Game for value of $\frac{Sin 2A + Sin 4A + Sin 6A}{7}$

Answer 1

$\frac{\sin 4A (2 \cos 2A + 1)}{7}$

Answer 2

To simplify the given expression $\frac{\sin 2A + \sin 4A + \sin 6A}{7}$, we can use trigonometric sum-to-product identities.

Step 1: Group the terms in the numerator and apply the sum-to-product formula. The sum-to-product formula for $\sin x + \sin y$ is $2 \sin\left(\frac{x+y}{2}\right) \cos\left(\frac{x-y}{2}\right)$. Let's group $\sin 2A$ and $\sin 6A$: $\sin 2A + \sin 6A = 2 \sin\left(\frac{2A+6A}{2}\right) \cos\left(\frac{2A-6A}{2}\right)$ $= 2 \sin\left(\frac{8A}{2}\right) \cos\left(\frac{-4A}{2}\right)$ $= 2 \sin(4A) \cos(-2A)$ Since $\cos(-x) = \cos x$, we have: $\sin 2A + \sin 6A = 2 \sin(4A) \cos(2A)$

Step 2: Substitute this back into the numerator of the original expression. The numerator is $\sin 2A + \sin 4A + \sin 6A$. Substituting the result from Step 1: $\text{Numerator} = 2 \sin(4A) \cos(2A) + \sin 4A$

Step 3: Factor out the common term $\sin 4A$. $\text{Numerator} = \sin 4A (2 \cos 2A + 1)$

Step 4: Write down the complete simplified expression. The given expression is: $\frac{\sin 2A + \sin 4A + \sin 6A}{7} = \frac{\sin 4A (2 \cos 2A + 1)}{7}$

This is the simplified form of the expression. Without any specific value or condition for 'A', the expression cannot be simplified to a numerical constant.

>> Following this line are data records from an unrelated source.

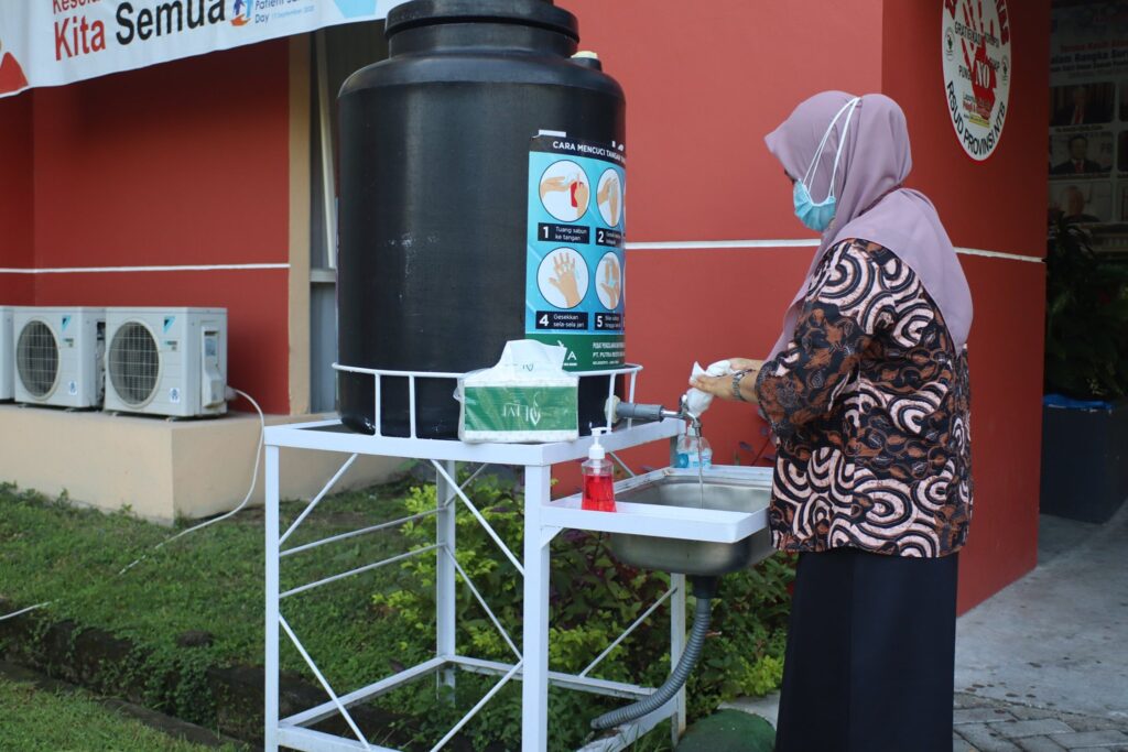 Budaya mencuci tangan menggunakan sabun dan air mengalir perlu selalu dipraktekkan bagi setiap orang dimanapun mereka berada, termasuk tatkala berada di areal rumah sakit.
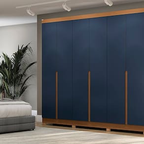 Renove seu quarto com o Roupeiro CB02R582 da Kappesberg. Com seis portas e quatro gavetas, são 2,23m de altura, 2,42m de largura e 47cm de profundidade, produzido 100% em MDF de 15mm, o que garante mais robustez, firmeza e qualidade. Com sete camadas de pintura, tanto na parte interna quanto na externa, a caixaria é na cor canela, com acabamento touch, e as portas, são na cor azul profundo, em acabamento fosco, uma combinação linda e moderna ao espaço, e os puxadores cava completam o estilo do produto. Na parte interna, ele possui nichos de tamanhos diferentes, cabideiros metálicos e com suporte interno, e gavetas com corrediças telescópicas, permitindo que você ocupe melhor o espaço. E para completar, ele possui pés em polipropileno.
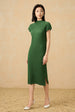 Bring a touch of timeless elegance into your pre-autumn wardrobe with this pleated cheongsam-inspired dress and short jacket set. The semi-high neckline adds a refined retro charm, while the pleated fabric brings lightness and movement to the overall design. Paired with a cropped jacket, it balances traditional Chinese style with a modern silhouette, making it both unique and versatile.

Alternatively, one could recognize the numerator as a sum of sines in an arithmetic progression. The sum of $n$ terms of $\sin(\alpha + (k-1)\beta)$ is given by $S_n = \frac{\sin(n\beta/2)}{\sin(\beta/2)} \sin(\alpha + (n-1)\beta/2)$. Here, $\alpha = 2A$, $\beta = 2A$, and $n=3$. $\text{Numerator} = \frac{\sin(3 \cdot 2A/2)}{\sin(2A/2)} \sin(2A + (3-1)2A/2)$ $= \frac{\sin(3A)}{\sin(A)} \sin(2A + 2A)$ $= \frac{\sin(3A)\sin(4A)}{\sin(A)}$ Thus, the expression is $\frac{\sin(3A)\sin(4A)}{7\sin(A)}$. Both forms are equivalent, as $2\cos(2A)+1 = \frac{\sin(3A)}{\sin(A)}$.

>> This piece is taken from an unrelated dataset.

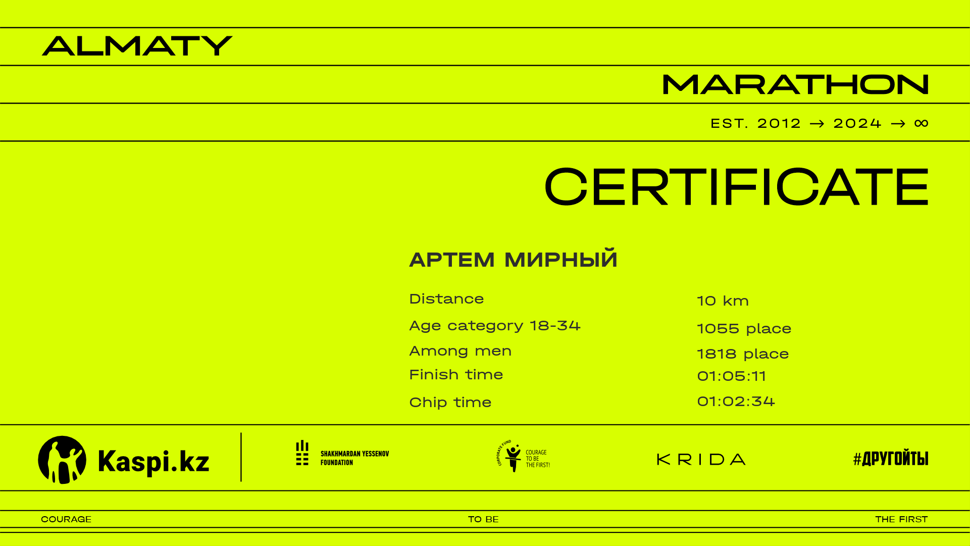 | 5469 | Маргулан Таниртаев | ![]() | Алматы | 5985 | 01:12:02.15 | 01:20:28.76 | 01:16:49.13 | Download |

The final answer is $\boxed{\frac{\sin 4A (2 \cos 2A + 1)}{7}}$.

Explanation:

The problem requires simplifying a trigonometric expression. We used the sum-to-product identity $\sin x + \sin y = 2 \sin\left(\frac{x+y}{2}\right) \cos\left(\frac{x-y}{2}\right)$ on the terms $\sin 2A$ and $\sin 6A$. This resulted in $2 \sin 4A \cos 2A$. Adding the remaining term $\sin 4A$ and factoring out $\sin 4A$ led to the simplified numerator $\sin 4A (2 \cos 2A + 1)$. The denominator remains $7$.

Answer:

The value of the expression is $\frac{\sin 4A (2 \cos 2A + 1)}{7}$.